Whole-genome sequencing (WGS) information has played a crucial role in the SARS-CoV-2 (COVID-19) pandemic by providing evidence about variants to inform public health policy. The purpose of this study was to assess the representativeness of sequenced cases compared with all COVID-19 cases in England, between March 2020 and August 2021, by demographic and socio-economic characteristics, to evaluate the representativeness and utility of these data in epidemiological analyses. To achieve this, polymerase chain reaction (PCR)-confirmed COVID-19 cases were extracted from the national laboratory system and linked with WGS data. During the study period, over 10% of COVID-19 cases in England had WGS data available for epidemiological analysis. With sequencing capacity increasing throughout the period, sequencing representativeness compared to all reported COVID-19 cases increased over time, allowing for valuable epidemiological analyses using demographic and socio-economic characteristics, particularly during periods with emerging novel SARS-CoV-2 variants. This study demonstrates the comprehensiveness of England’s sequencing throughout the COVID-19 pandemic, rapidly detecting variants of concern, and enabling representative epidemiological analyses to inform policy.

Type
Original Paper
Creative Commons
Creative Common License - CCCreative Common License - BY
This is an Open Access article, distributed under the terms of the Creative Commons Attribution licence (http://creativecommons.org/licenses/by/4.0), which permits unrestricted re-use, distribution and reproduction, provided the original article is properly cited.
Copyright
© Crown Copyright - UK Health Security Agency, 2023. Published by Cambridge University Press

Introduction

SARS-CoV-2 has demonstrated itself to be a rapidly mutating virus, which has highlighted the value of large-scale, accessible, and timely genomic surveillance [Reference Robishaw1]. The COVID-19 pandemic has been the first pandemic where genomic technology has been widely available at such scale [Reference van Dorp LJH, Richard and Balloux2]. In the United Kingdom (UK), the COVID-19 Genomics UK Consortium (COG-UK) was established in April 2020 to provide large-scale, rapid whole-genome sequencing (WGS) for SARS-CoV-2 [3]. The UK has been at the forefront of global sequencing throughout the pandemic, with over two million genomes sequenced by February 2022 [4].

WGS has significantly contributed to the understanding of genomic diversity and evolution of the SARS-CoV-2 virus, as well as clinical and epidemiological characteristics of the infection.
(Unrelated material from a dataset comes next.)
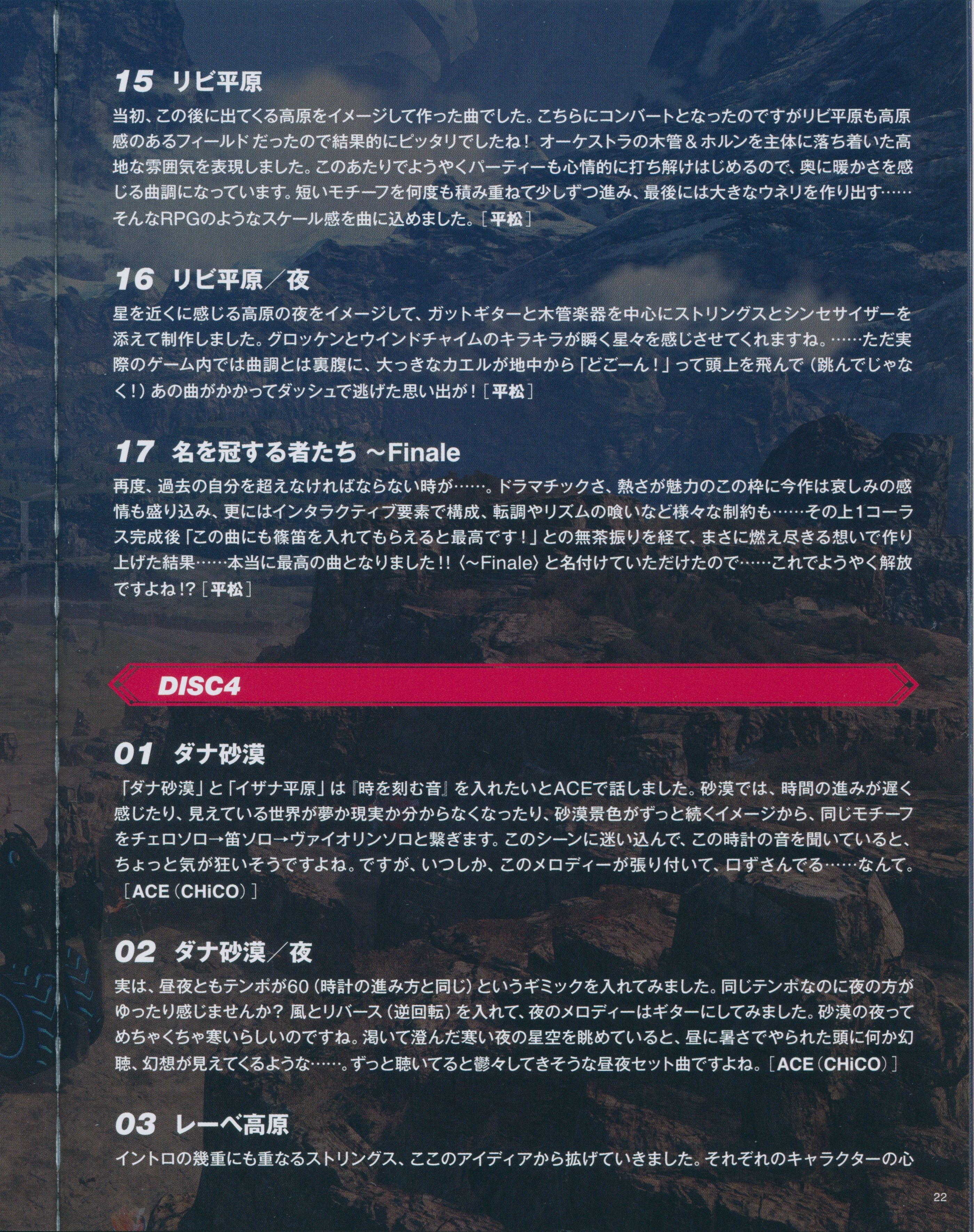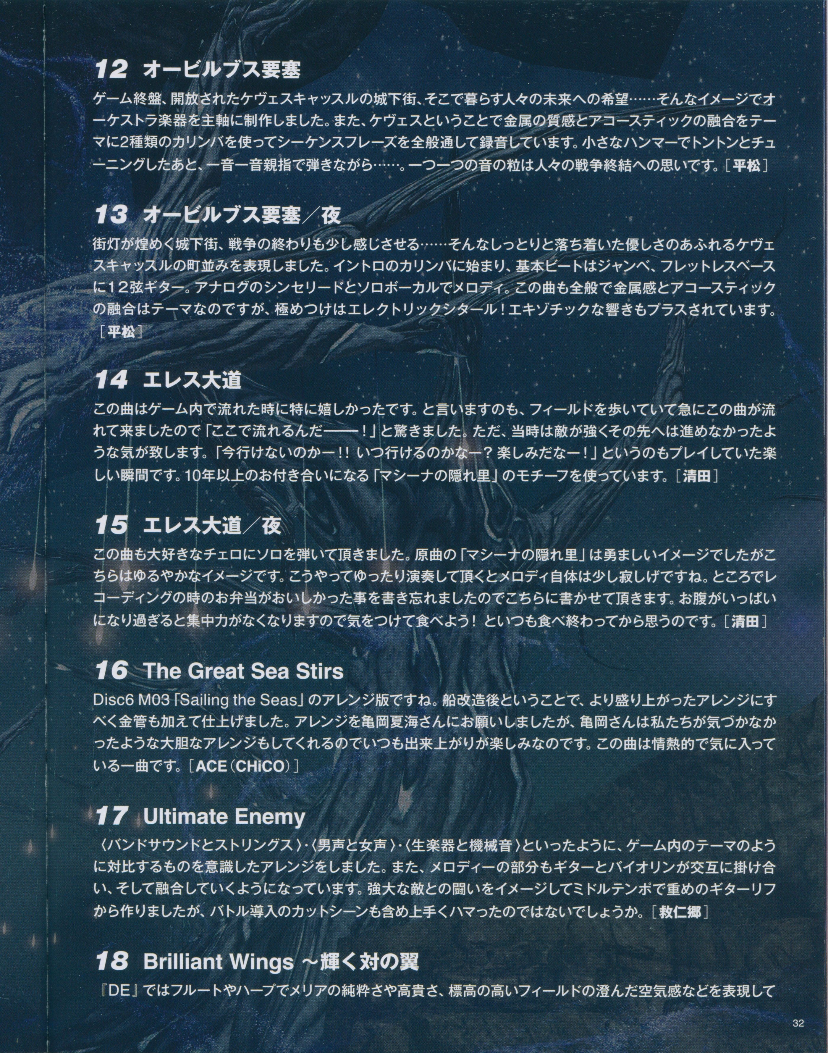 Music Audio Data Preparation: Yasunori Mitsuda [PROCYON STUDIO], TOMOri Kudo [ACE], Kenji Hiramatsu

Through the rapid identification of novel variants, sequencing has been crucial in providing evidence to inform the implementation of public health policies, such as those that were established to manage the response to the alpha (B.1.1.7) variant and other lineages in early 2021 [Reference Vöhringer5, Reference du Plessis6]. To maximise population-level epidemiological insights, WGS must be as representative of the population as possible. Representativeness is beneficial both to ensure analyses are unbiased and to aid in global sharing of sequences, as per the World Health Organization recommendations [7].

It has been evidenced throughout the pandemic that COVID-19 has had varying impacts on population sub-groups, with older age, black, Asian, and minority ethnicity (BAME), and residence in areas of greater socio-economic deprivation, indicating greater risk of infection, as well as more severe outcomes including death [Reference Brown8, 9]. The capability and capacity to monitor health inequalities associated with emerging SARS-CoV-2 variants are essential to inform public health policy, but they rely on sequencing of cases providing sufficient information on groups in relation to key characteristics. It is therefore critical to understand the representativeness of sequenced cases in relation to confirmed cases overall.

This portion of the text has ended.